I've already made every imaginable mistake so that you don't have to.

First Pencil


Photo Credit: pexels.com Pixabay

Car Shopping > First Pencil >


Napkin Versus Computer Printout

Whether scribbled on the back of a napkin or delivered warm from a laser printer, the initial offer presented to the customer by the salesperson is called the First Pencil.

  1. With significant luck, the first pencil could be a competitive offer on the vehicle you wish to purchase equipped as you want it.
  2. There is also a very substantial chance that the first pencil could be an uncompetitive offer on the vehicle that you wish to buy.
  3. Finally, there is even a meaningful chance that the first pencil will be an uncompetitive offer on a vehicle far different than that which you wish to buy.
    While I did say "finally", there may be a greater chance of scenario three than scenario one.

Buyer's Level of Preparation

The more prepared you are before entering the dealership, the greater your chance of scenario one, but even then it is absolutely not guaranteed.
I once went into one car dealership well prepared with a stack of competing offers for various configurations for the dealership to eventually beat, should the initial offer even prove to be at all competitive.
However, that dealership's initial offer proved to be MSRP minus the rebate that the manufacturer was offering.
While superficially it might seem tempting to call out that dealership and shame them, from the perspective of that dealership it would not be shaming them at all.
The strategy of some dealerships is to make a small profit on a large volume of cars.
The strategy of other dealerships is to emphasize gross profit per vehicle over volume.
Regardless of how prepared I was, I was simply sitting in the wrong dealership if I wanted the absolute lowest price.
While their offer was thousands of dollars more than what an informed consumer would pay, from the dealership's sales manager's perspective how would he know I would not agree to pay his above-market price if he did not submit it to me?

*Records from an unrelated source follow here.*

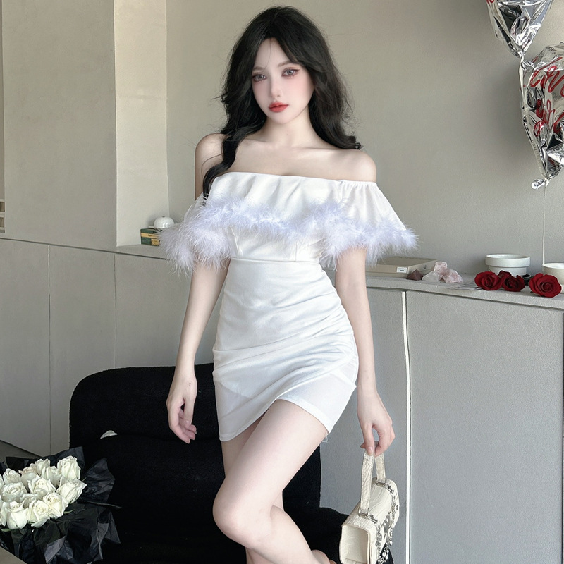 JR01QJ Women's Sexy One-word Collar Open-shoulder Waist Hip Christmas Dress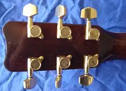 - on classical guitars (with nylon strings), the worm gears are generally exposed; the strings are wound on the pins inside grooves in the head;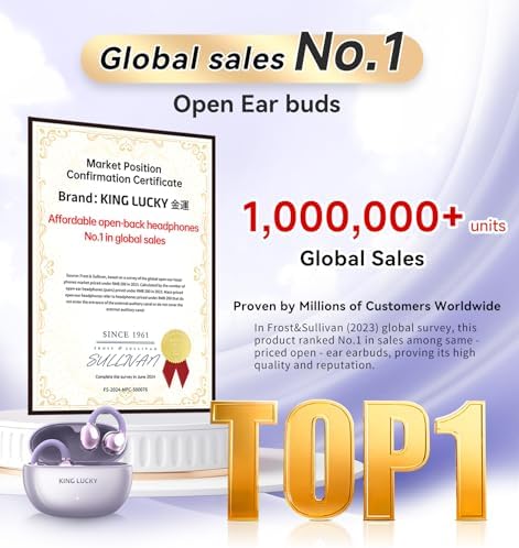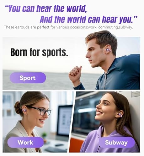 King Lucky Clip on Earbuds Open Ear Wireless Bluetooth 5.4 Headphones with Mic,50H Play,Noise Cancelling,Waterproof,Sports Ear Buds,Comfortable for Small Ears & Glasses Wearers,Workouts (Purple)

Asking Out The Captain Of The Cheerleading Team

From the perspective of an automotive salesperson and the sales manager that he or she reports to, the first pencil may be somewhat like asking out the captain of the cheerleading team or the football team's quarterback.
No guarantee that the customer will say yes, but oooooohhh wouldn't it be wonderful for the salesperson if the answer were in fact yes!!
I did say merely somewhat like because there are some important differences between the first pencil and asking out the captain of either the football or cheerleading teams:

  1. With enough times at bat some customers will actually say yes to the first pencil!
  2. Even if a customer says no to the first pencil, the salesperson may get to try again with an offer that actually might be competitive.
  3. Maybe the customer gets passed to a closer whose job is to convince the customer that the first pencil is a good offer.
    Free car wash with every service!!!

Spoiler Alert

Oral representations such as a free car wash may or may not actually be honored after the sale, and even if they are, their value is quite small relative to the price of even a car that is not merely used but is very used.

My Takeaway

Whether the first pencil was hand written or delivered on a crisp laser print out is not what makes a first pencil competitive.
You might have a laser printer at home.
If so, then you are free to use it to print out "the Moon is made of Swiss cheese", but that would not make it so.
Whether the customer chooses to respond with ...

  1. A simple direct no,
  2. "I'd love to but we have the big game with state that day" or
  3. "Wish I could but I have a hair appointment that day"

... it is not merely OK to say no to the first pencil, but barring a competitive offer, it may in fact be expected.

I would love to close this page by saying having once been handed an offer of MSRP for a vehicle, I have now seen everything and nothing new can ever surprise me.
However, such a naive statement would only suggest that I have even more to learn than I think I do.